▶ _ABOUT THIS TASK_
Leave out the pictures, and retype the remaining data exactly.

▶ _GIVEN MATERIAL_
================================

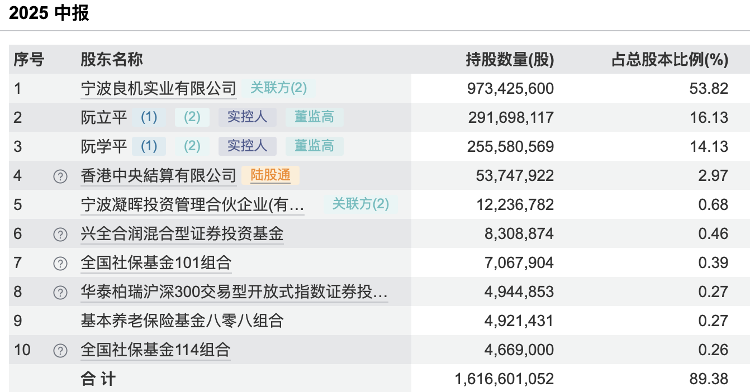 直接持股方面A策略,阮立平持股16.13%,阮学平持股14.13%。通过控股股东宁波良机实业有限公司,兄弟俩又控制了公司53.82%的股权。此外,两人还通过一致行动人关系控制着宁波凝晖投资管理合伙企业等实体,进一步巩固了控制权。
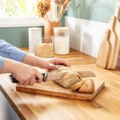 Couteau à pain avec lame refroidie à -120 °C pour des performances optimales et durables, Des performances qui durent jusqu&s;à 2 fois plus longtemps que les autres gammes en acier inoxydable de Tefal, Appartient à une gamme complète d&s;accessoires essentiels aux formes variées pour répondre à tous vos besoins de découpe, Lame de haute qualité en acier inoxydable allemand pour une résistance et des performances exceptionnelles dans le temps, Des produits conçus pour durer, garantis 10 ans, Esthétique classique et lignes épurées fusionnent dans un équilibre parfait ; un design idéal pour toutes les cuisines
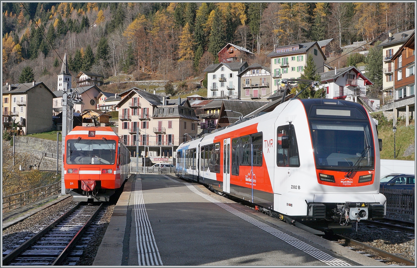 Das enge Tal weitet sich bei Bovernier etwas, so dass an den steilen Hänge sogar Wein angepflanzt werden kann. Ein TMR Region Alpes RABe 525 ist von Le Châble nach Martigny unterwegs und wird in Kürze Bovernier erreichen.

================================

▶ _RESULT OF THIS TASK_
 直接持股方面A策略,阮立平持股16.13%,阮学平持股14.13%。通过控股股东宁波良机实业有限公司,兄弟俩又控制了公司53.82%的股权。此外,两人还通过一致行动人关系控制着宁波凝晖投资管理合伙企业等实体,进一步巩固了控制权。
 Couteau à pain avec lame refroidie à -120 °C pour des performances optimales et durables, Des performances qui durent jusqu&s;à 2 fois plus longtemps que les autres gammes en acier inoxydable de Tefal, Appartient à une gamme complète d&s;accessoires essentiels aux formes variées pour répondre à tous vos besoins de découpe, Lame de haute qualité en acier inoxydable allemand pour une résistance et des performances exceptionnelles dans le temps, Des produits conçus pour durer, garantis 10 ans, Esthétique classique et lignes épurées fusionnent dans un équilibre parfait ; un design idéal pour toutes les cuisines
 Das enge Tal weitet sich bei Bovernier etwas, so dass an den steilen Hänge sogar Wein angepflanzt werden kann. Ein TMR Region Alpes RABe 525 ist von Le Châble nach Martigny unterwegs und wird in Kürze Bovernier erreichen.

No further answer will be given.